Kuiper Belt Occultation Predictions

TL;DR

This paper introduces a new maximum likelihood technique for predicting stellar occultations by Kuiper Belt Objects, improving accuracy over traditional methods and providing detailed predictions and uncertainty assessments.

Contribution

The paper develops a novel maximum likelihood approach for occultation prediction that enhances orbital element adjustments compared to existing ephemeris offset methods.

Findings

The new technique improves prediction accuracy for Kuiper Belt Object occultations.

Both the new and traditional methods have unique weaknesses, and combining them offers better uncertainty estimates.

Predictions for occultations up to 2015 are provided for seven Kuiper Belt Objects.

Abstract

Here we present observations of 7 large Kuiper Belt Objects. From these observations, we extract a point source catalog with $\sim0.01"$ precision, and astrometry of our target Kuiper Belt Objects with $0.04-0.08"$ precision within that catalog. We have developed a new technique to predict the future occurrence of stellar occultations by Kuiper Belt Objects. The technique makes use of a maximum likelihood approach which determines the best-fit adjustment to cataloged orbital elements of an object.

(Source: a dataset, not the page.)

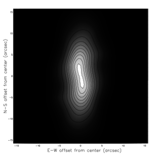 where . We used the implementation of the TPS provided by the Interactive Data Language (IDL) environment. Since Vijh et al. (2005) provided BL measurements on two long slits both south of the central source, in the interpolation we assumed the BL emission to be symmetric for inversion. In order to obtain a sensible asymptotic behaviour of the extrapolated BL, we built the TPS on the logarithm of the BL surface brightness, instead of the BL itself. Hence, in Eqs. (14) and (15) and are the angular offsets from the central source of the RR, and is the logarithm of the corresponding integrated BL. Figure 1 shows a surface plot of the resulting TPS which, despite the small number of data points from which it was obtained, clearly shows the geometry of the RR nebula.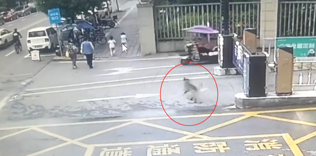 随后其他路人上前帮忙,物业人员也赶来持铁锹将狗赶跑。狗绕了一圈又冲回小区门口站着的人群中,后被物业再次赶远。

Using simulations of a theoretical object, we discuss the merits and weaknesses of this technique compared to the commonly adopted ephemeris offset approach. We demonstrate that both methods suffer from separate weaknesses, and thus, together provide a fair assessment of the true uncertainty in a particular prediction. We present occultation predictions made by both methods for the 7 tracked objects, with dates as late as 2015. Finally, we discuss observations of three separate close passages of Quaoar to field stars, which reveal the accuracy of the element adjustment approach, and which also demonstrate the necessity of considering the uncertainty in stellar position when assessing potential occultations.